**Exercise brief**
What you return must match the listing below line for line, minus its pictures.

**Exercise data**
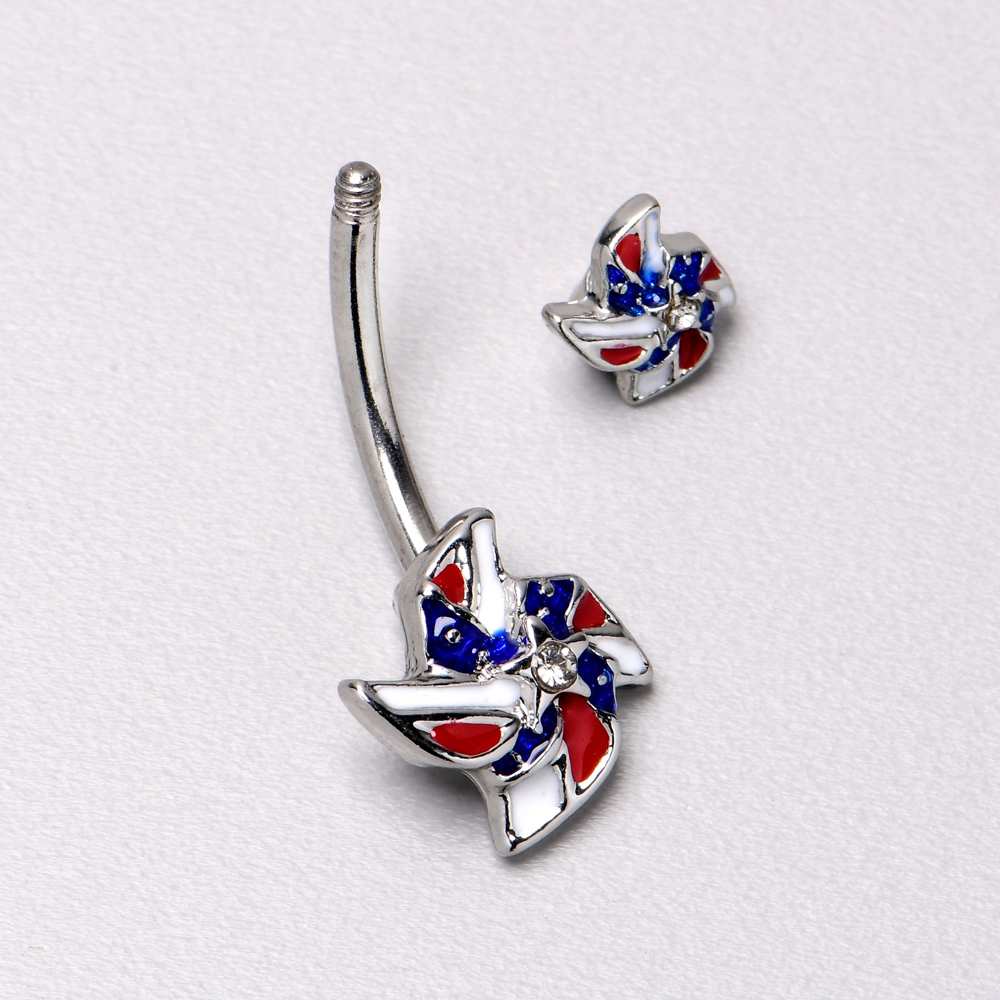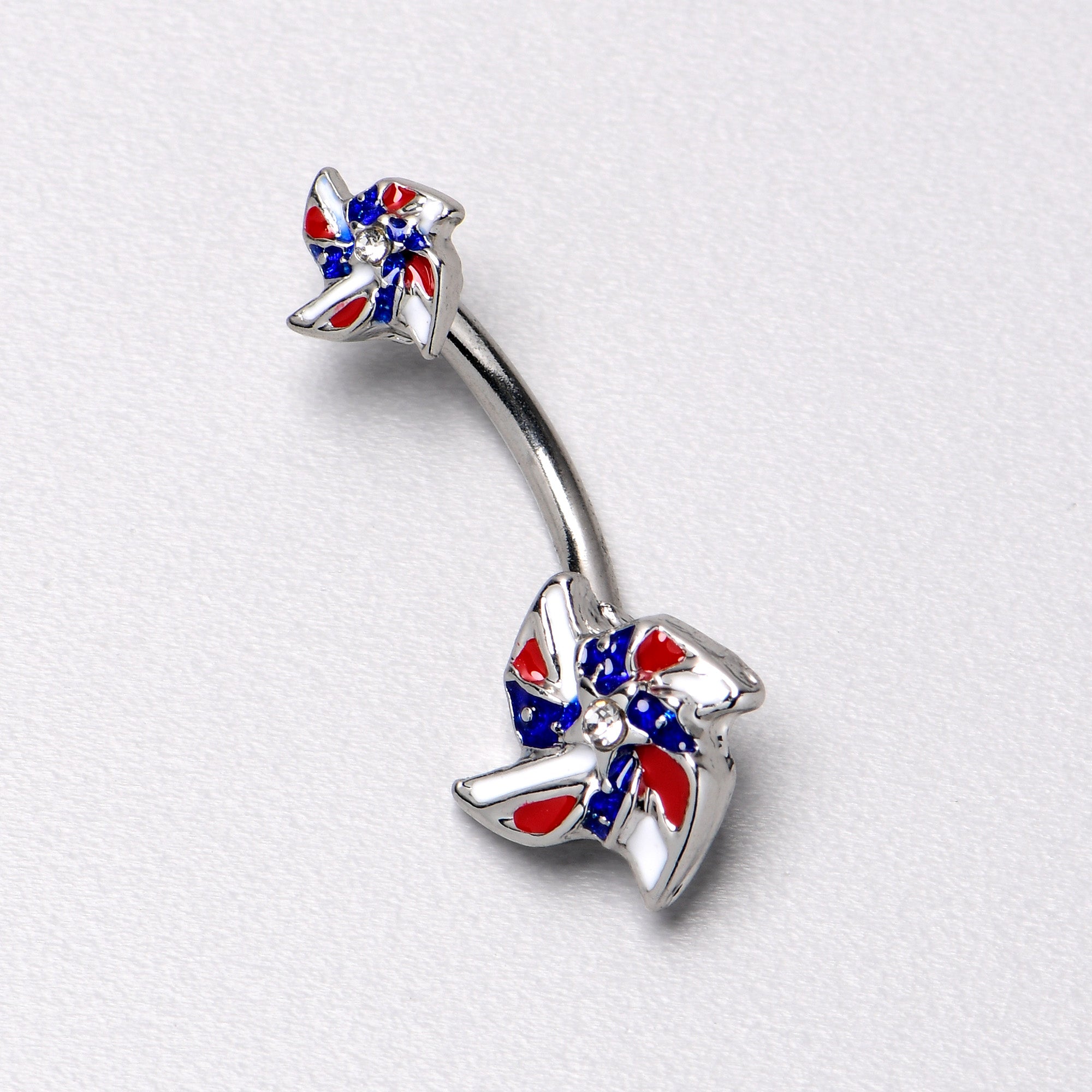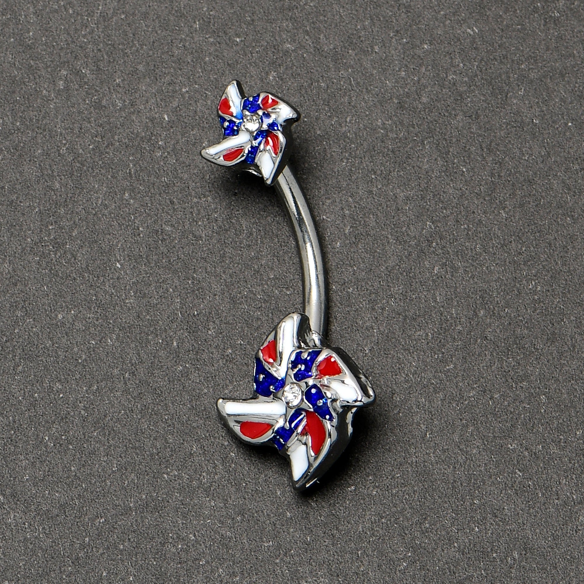Give a new patriotic look a whirl, like with this 14 gauge navel ring. It is made with a 3/8 inch 316L surgical grade stainless steel curved barbell. Each of the ends features a pinwheel charm, embellished in red, white, and blue inlay. This patriotic belly piercing jewelry will make your head spin!
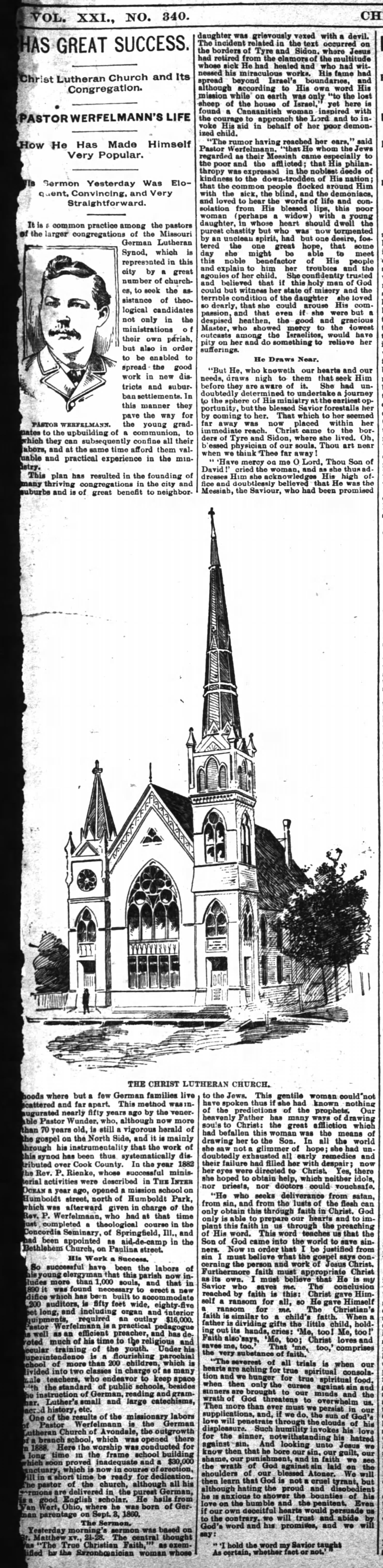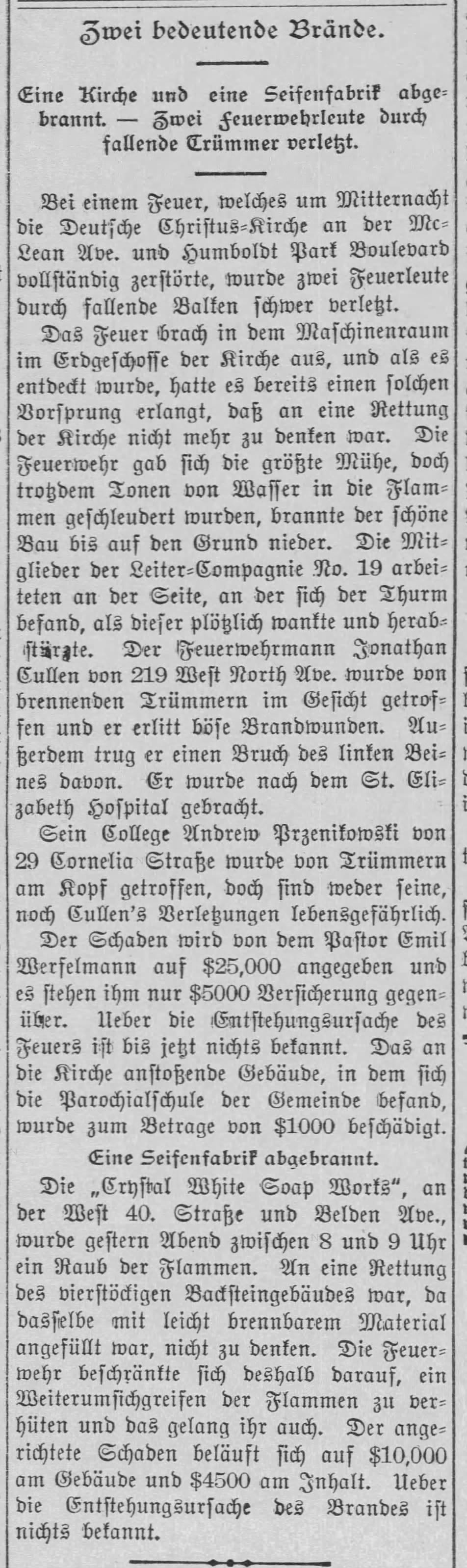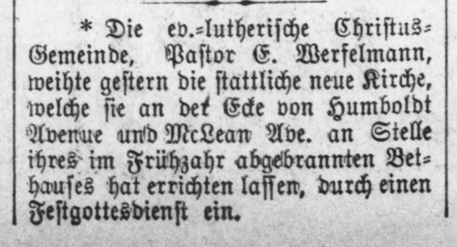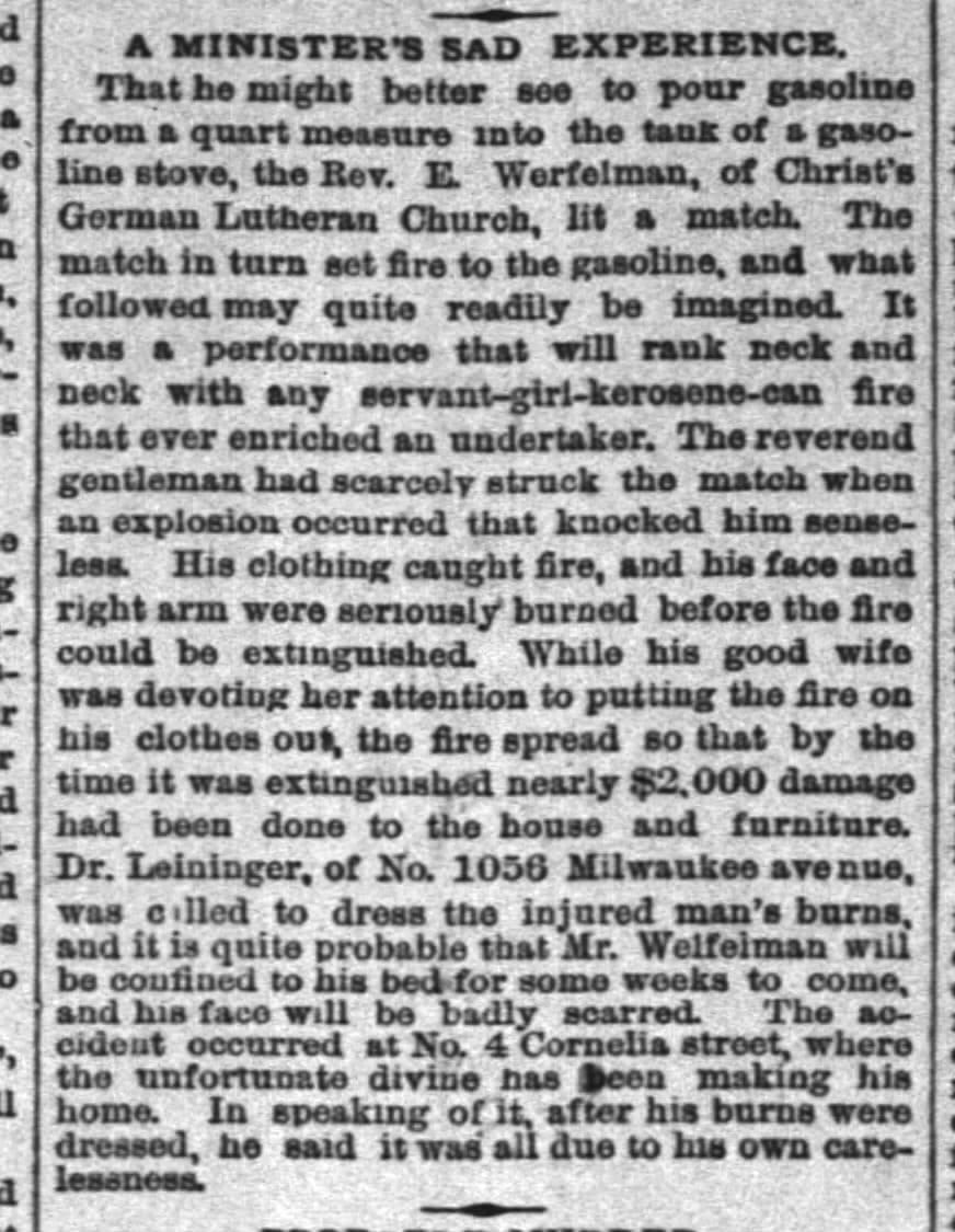 1889, Rev. Werfelmann sets himself on fire | 1896 articles about the fire in the Chicago Tribune, the Inter Ocean, and Abendblatt
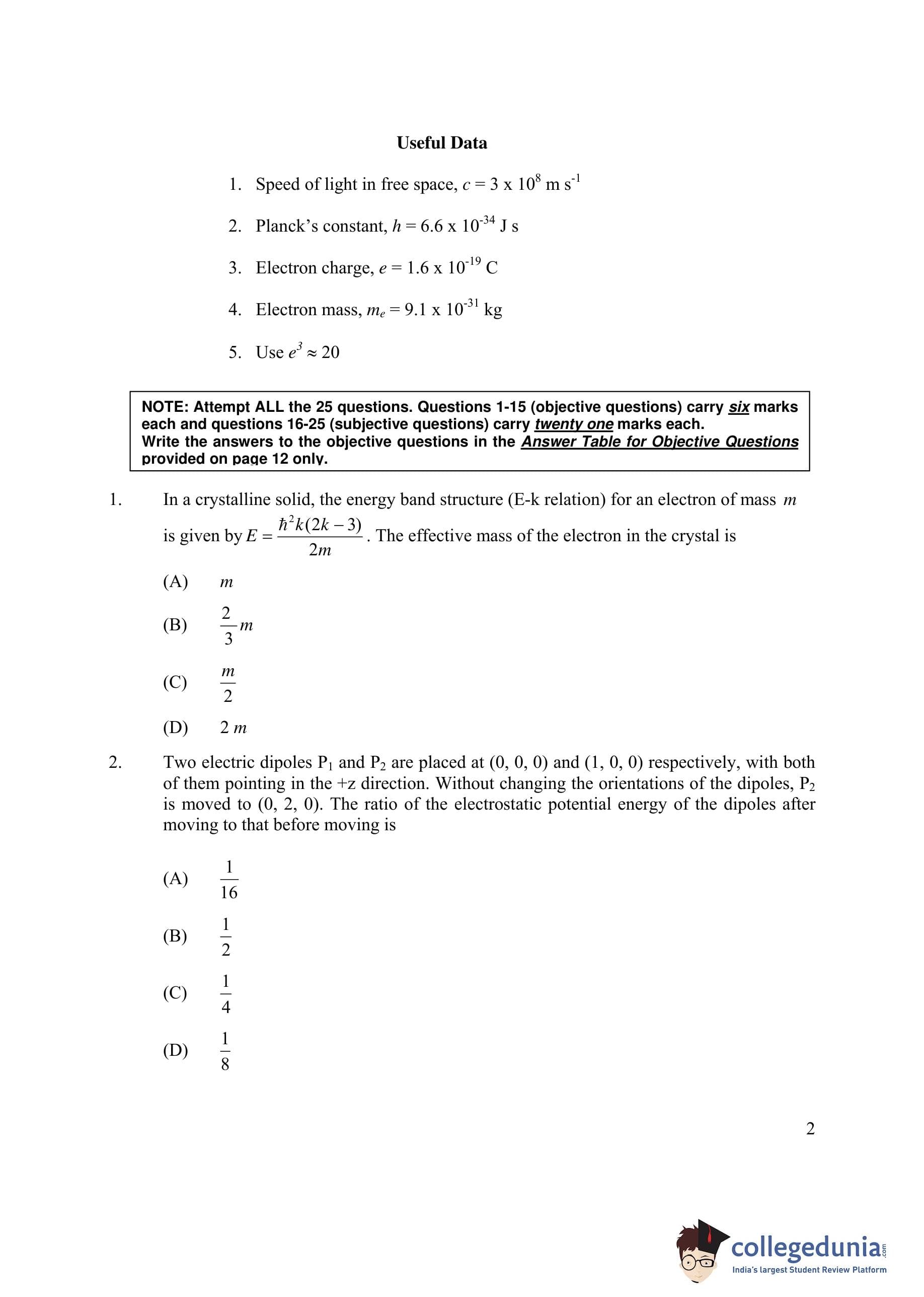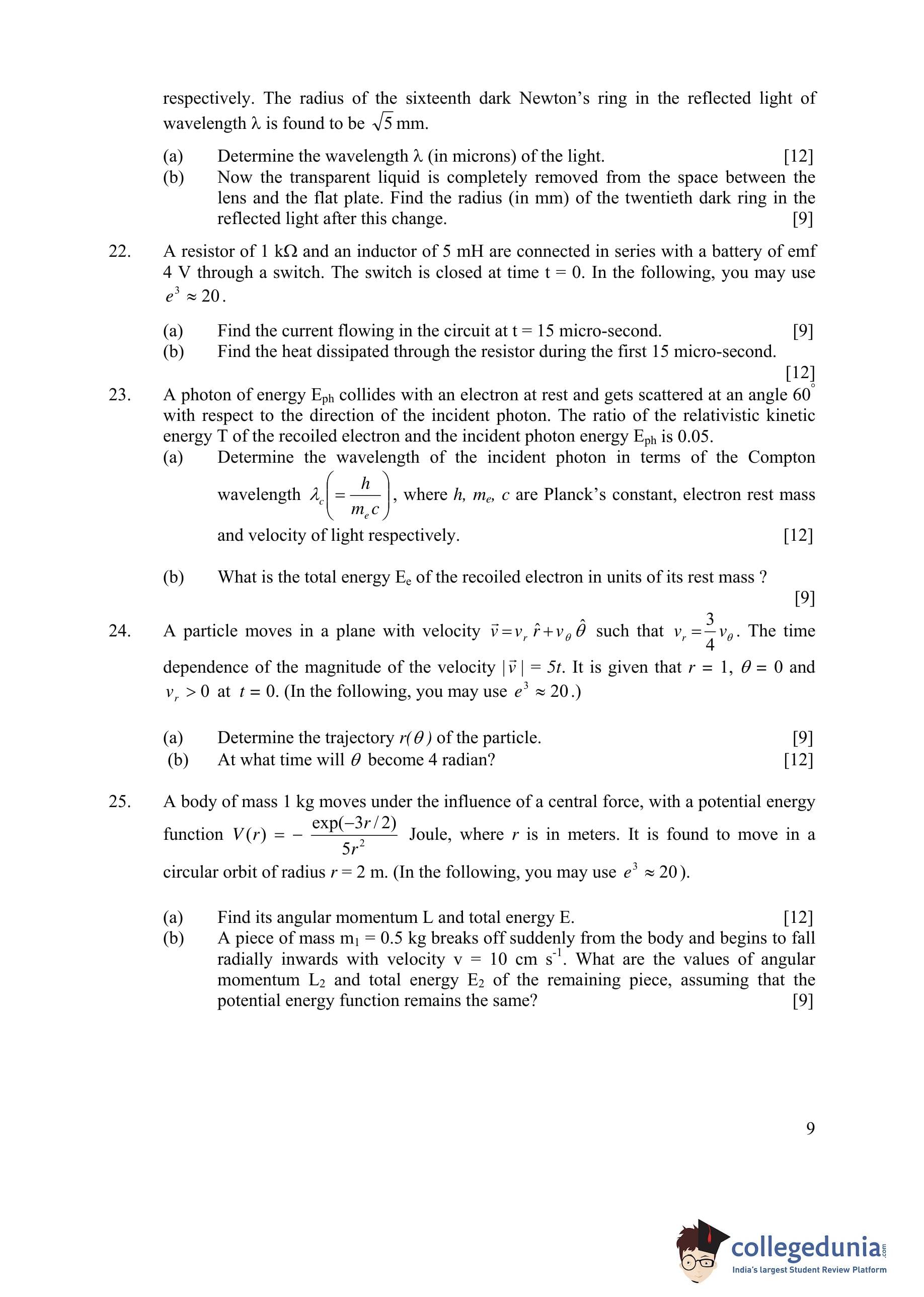 IIT JAM 2006 Physics Question Paper with Answer Key pdf is available for download. The exam was conducted by Indian Institute of Technology Delhi on March 26, 2006. The question paper comprised a total of 25 questions.
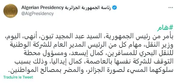 À la suite de ce scandale, le Président Tebboune a décidé de limoger le PDG d’ENTMV-Algerie Ferries, Kamel Issad et du responsable de l’escale à Alger, Kamel Idalia en raison de leur comportement « offensant pour l’image de l’Algérie et préjudiciable aux intérêts des citoyens ».

**Your response**
Give a new patriotic look a whirl, like with this 14 gauge navel ring. It is made with a 3/8 inch 316L surgical grade stainless steel curved barbell. Each of the ends features a pinwheel charm, embellished in red, white, and blue inlay. This patriotic belly piercing jewelry will make your head spin!
 1889, Rev. Werfelmann sets himself on fire | 1896 articles about the fire in the Chicago Tribune, the Inter Ocean, and Abendblatt
 IIT JAM 2006 Physics Question Paper with Answer Key pdf is available for download. The exam was conducted by Indian Institute of Technology Delhi on March 26, 2006. The question paper comprised a total of 25 questions.
 À la suite de ce scandale, le Président Tebboune a décidé de limoger le PDG d’ENTMV-Algerie Ferries, Kamel Issad et du responsable de l’escale à Alger, Kamel Idalia en raison de leur comportement « offensant pour l’image de l’Algérie et préjudiciable aux intérêts des citoyens ».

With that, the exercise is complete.